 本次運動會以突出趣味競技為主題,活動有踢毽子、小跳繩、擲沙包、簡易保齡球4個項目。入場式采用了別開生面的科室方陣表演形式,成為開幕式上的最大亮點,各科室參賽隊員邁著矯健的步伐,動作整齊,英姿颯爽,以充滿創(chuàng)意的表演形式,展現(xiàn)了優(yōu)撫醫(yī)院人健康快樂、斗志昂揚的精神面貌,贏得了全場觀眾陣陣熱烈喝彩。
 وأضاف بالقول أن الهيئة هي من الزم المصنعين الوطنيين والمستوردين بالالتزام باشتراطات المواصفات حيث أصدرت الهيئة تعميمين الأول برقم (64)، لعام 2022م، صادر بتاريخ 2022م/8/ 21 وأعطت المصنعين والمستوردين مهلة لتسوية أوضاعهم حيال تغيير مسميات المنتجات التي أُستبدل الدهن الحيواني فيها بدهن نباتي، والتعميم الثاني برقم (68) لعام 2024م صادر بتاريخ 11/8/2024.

...

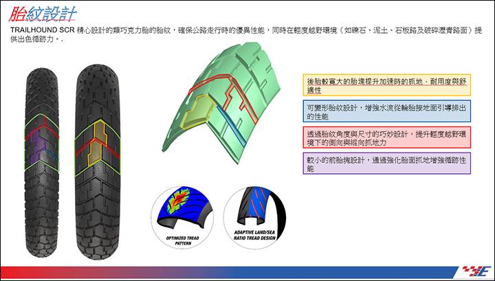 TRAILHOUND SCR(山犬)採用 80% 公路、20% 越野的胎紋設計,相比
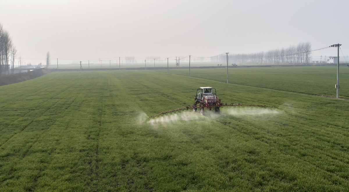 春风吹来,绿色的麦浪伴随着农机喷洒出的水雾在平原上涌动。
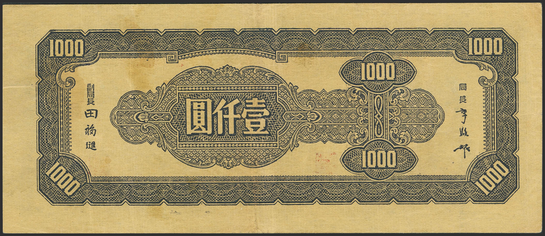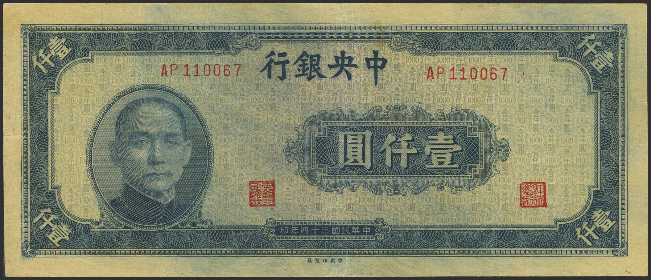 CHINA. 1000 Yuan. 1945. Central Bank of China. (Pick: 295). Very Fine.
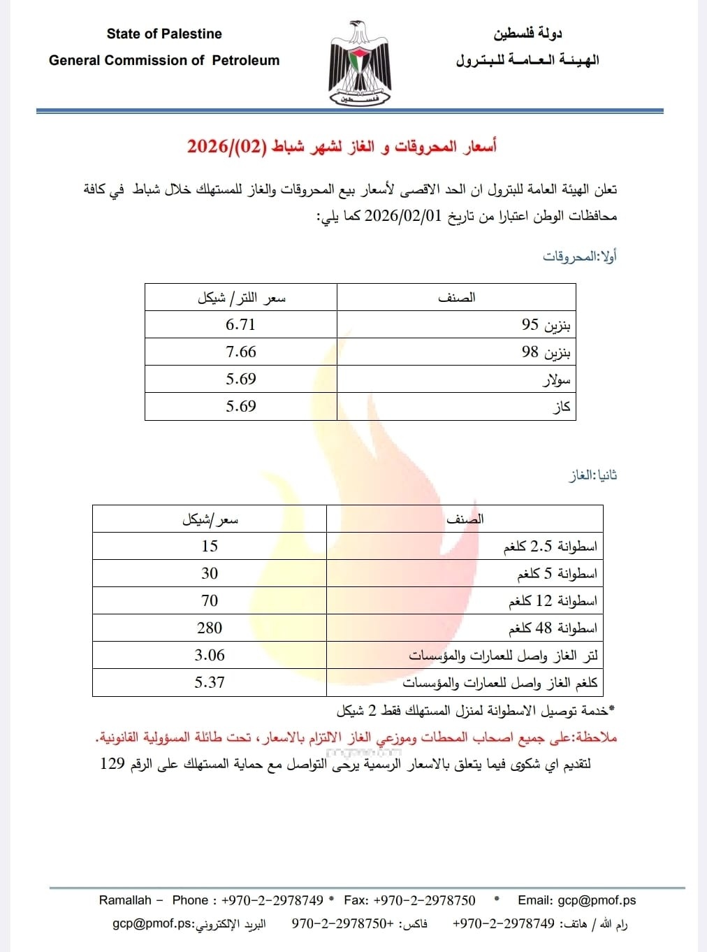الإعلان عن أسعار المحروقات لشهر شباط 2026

## Try it:
Beginning at the line above that contains "本次運動會以突出趣味競技為主", return each line exactly through the line that contains "وأضاف بالقول أن", and no others.

## Answer area:
 本次運動會以突出趣味競技為主題,活動有踢毽子、小跳繩、擲沙包、簡易保齡球4個項目。入場式采用了別開生面的科室方陣表演形式,成為開幕式上的最大亮點,各科室參賽隊員邁著矯健的步伐,動作整齊,英姿颯爽,以充滿創(chuàng)意的表演形式,展現(xiàn)了優(yōu)撫醫(yī)院人健康快樂、斗志昂揚的精神面貌,贏得了全場觀眾陣陣熱烈喝彩。
 وأضاف بالقول أن الهيئة هي من الزم المصنعين الوطنيين والمستوردين بالالتزام باشتراطات المواصفات حيث أصدرت الهيئة تعميمين الأول برقم (64)، لعام 2022م، صادر بتاريخ 2022م/8/ 21 وأعطت المصنعين والمستوردين مهلة لتسوية أوضاعهم حيال تغيير مسميات المنتجات التي أُستبدل الدهن الحيواني فيها بدهن نباتي، والتعميم الثاني برقم (68) لعام 2024م صادر بتاريخ 11/8/2024.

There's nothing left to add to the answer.